=== Given records ===

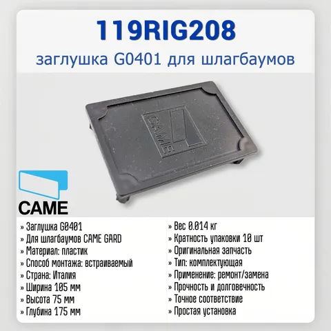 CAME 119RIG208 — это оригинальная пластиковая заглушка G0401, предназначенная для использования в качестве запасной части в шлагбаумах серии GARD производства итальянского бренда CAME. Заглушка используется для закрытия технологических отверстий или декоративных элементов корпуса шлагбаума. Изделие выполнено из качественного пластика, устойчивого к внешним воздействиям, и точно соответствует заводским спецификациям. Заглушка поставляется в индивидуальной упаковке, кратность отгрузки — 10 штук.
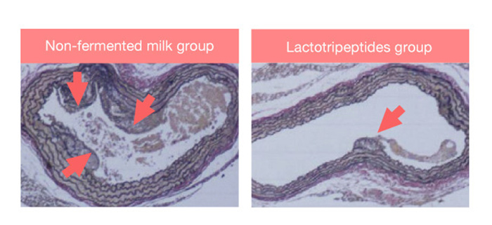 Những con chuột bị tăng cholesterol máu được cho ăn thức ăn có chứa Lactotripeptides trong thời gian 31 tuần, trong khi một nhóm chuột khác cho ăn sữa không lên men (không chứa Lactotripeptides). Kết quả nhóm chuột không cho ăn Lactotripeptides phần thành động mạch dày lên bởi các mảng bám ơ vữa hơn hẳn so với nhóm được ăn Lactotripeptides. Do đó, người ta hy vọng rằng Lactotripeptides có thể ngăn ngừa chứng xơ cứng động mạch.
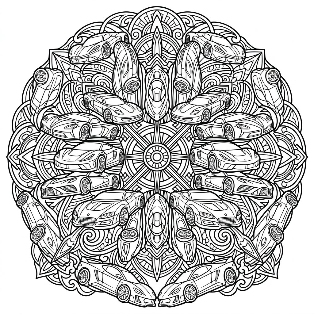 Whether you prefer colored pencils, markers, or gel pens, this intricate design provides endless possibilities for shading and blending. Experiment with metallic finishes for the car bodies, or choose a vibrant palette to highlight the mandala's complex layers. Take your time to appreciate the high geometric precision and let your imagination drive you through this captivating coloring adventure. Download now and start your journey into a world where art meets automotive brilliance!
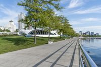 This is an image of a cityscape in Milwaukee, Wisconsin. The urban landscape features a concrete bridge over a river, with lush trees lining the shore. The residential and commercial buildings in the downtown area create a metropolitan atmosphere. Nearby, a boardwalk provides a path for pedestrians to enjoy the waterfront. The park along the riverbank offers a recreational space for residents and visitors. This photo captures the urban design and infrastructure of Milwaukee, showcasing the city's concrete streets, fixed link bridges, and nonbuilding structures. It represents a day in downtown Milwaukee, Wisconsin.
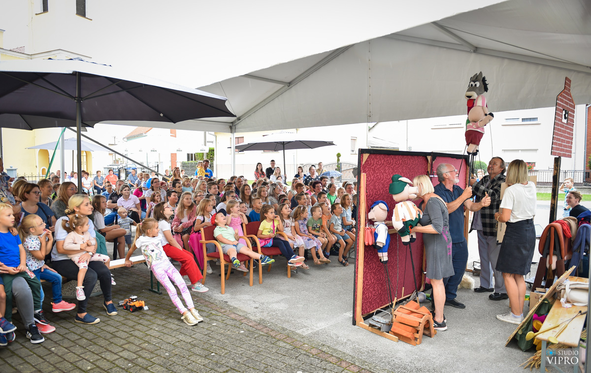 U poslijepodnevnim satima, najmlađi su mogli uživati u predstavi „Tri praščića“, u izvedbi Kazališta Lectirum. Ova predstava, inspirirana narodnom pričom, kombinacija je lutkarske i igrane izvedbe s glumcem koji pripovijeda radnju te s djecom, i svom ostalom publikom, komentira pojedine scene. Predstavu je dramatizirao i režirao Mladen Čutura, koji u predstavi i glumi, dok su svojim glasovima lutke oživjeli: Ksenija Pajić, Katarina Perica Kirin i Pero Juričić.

...

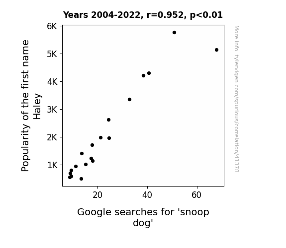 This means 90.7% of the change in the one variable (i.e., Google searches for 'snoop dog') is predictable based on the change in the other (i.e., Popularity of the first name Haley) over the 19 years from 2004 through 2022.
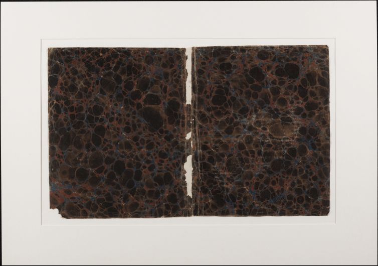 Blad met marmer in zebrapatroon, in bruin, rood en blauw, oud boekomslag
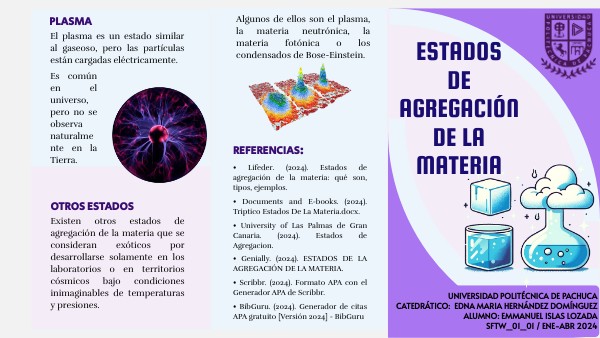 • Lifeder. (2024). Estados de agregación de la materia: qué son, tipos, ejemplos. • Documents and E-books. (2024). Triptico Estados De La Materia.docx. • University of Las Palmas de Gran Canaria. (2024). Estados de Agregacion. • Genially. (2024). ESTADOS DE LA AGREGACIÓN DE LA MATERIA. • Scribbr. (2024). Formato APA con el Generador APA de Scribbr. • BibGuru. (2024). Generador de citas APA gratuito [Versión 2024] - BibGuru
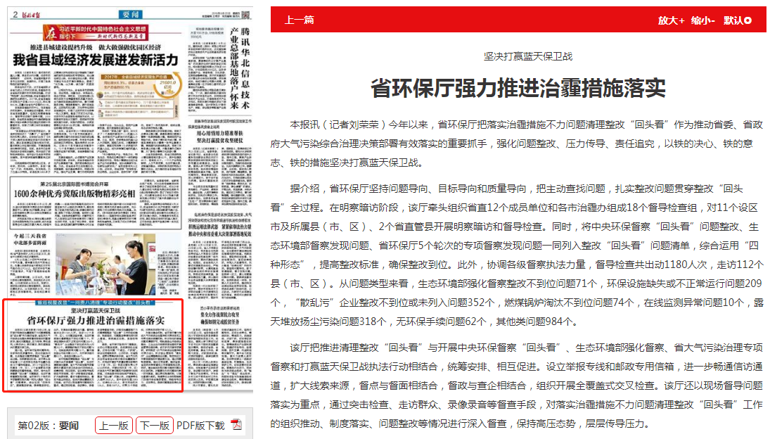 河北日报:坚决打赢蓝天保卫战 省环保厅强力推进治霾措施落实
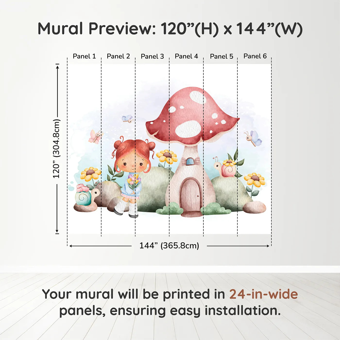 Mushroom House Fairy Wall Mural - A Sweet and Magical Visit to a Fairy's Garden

---

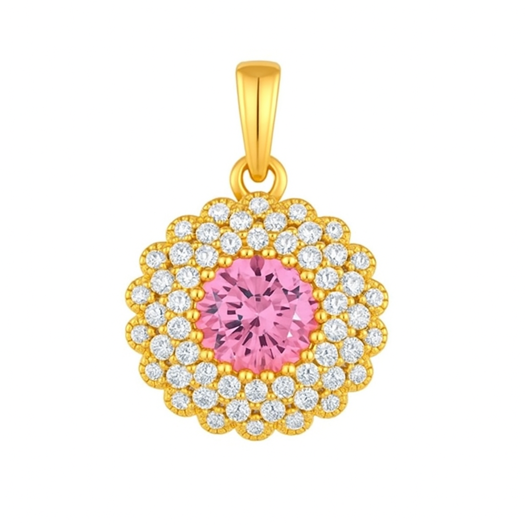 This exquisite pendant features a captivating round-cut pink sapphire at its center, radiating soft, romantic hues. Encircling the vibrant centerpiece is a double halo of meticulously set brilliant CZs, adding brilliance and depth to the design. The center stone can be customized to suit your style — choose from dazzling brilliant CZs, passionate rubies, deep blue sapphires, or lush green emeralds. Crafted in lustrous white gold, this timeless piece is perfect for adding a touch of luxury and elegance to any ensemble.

=== Work request ===
Up in the listing, locate the line with "This means 90.7%"; print it and every line after it down to the line with "Mushroom House Fairy", which is included too. Skip the pictures.

=== Result below ===
 This means 90.7% of the change in the one variable (i.e., Google searches for 'snoop dog') is predictable based on the change in the other (i.e., Popularity of the first name Haley) over the 19 years from 2004 through 2022.
 Blad met marmer in zebrapatroon, in bruin, rood en blauw, oud boekomslag
 • Lifeder. (2024). Estados de agregación de la materia: qué son, tipos, ejemplos. • Documents and E-books. (2024). Triptico Estados De La Materia.docx. • University of Las Palmas de Gran Canaria. (2024). Estados de Agregacion. • Genially. (2024). ESTADOS DE LA AGREGACIÓN DE LA MATERIA. • Scribbr. (2024). Formato APA con el Generador APA de Scribbr. • BibGuru. (2024). Generador de citas APA gratuito [Versión 2024] - BibGuru
 河北日报:坚决打赢蓝天保卫战 省环保厅强力推进治霾措施落实
 Mushroom House Fairy Wall Mural - A Sweet and Magical Visit to a Fairy's Garden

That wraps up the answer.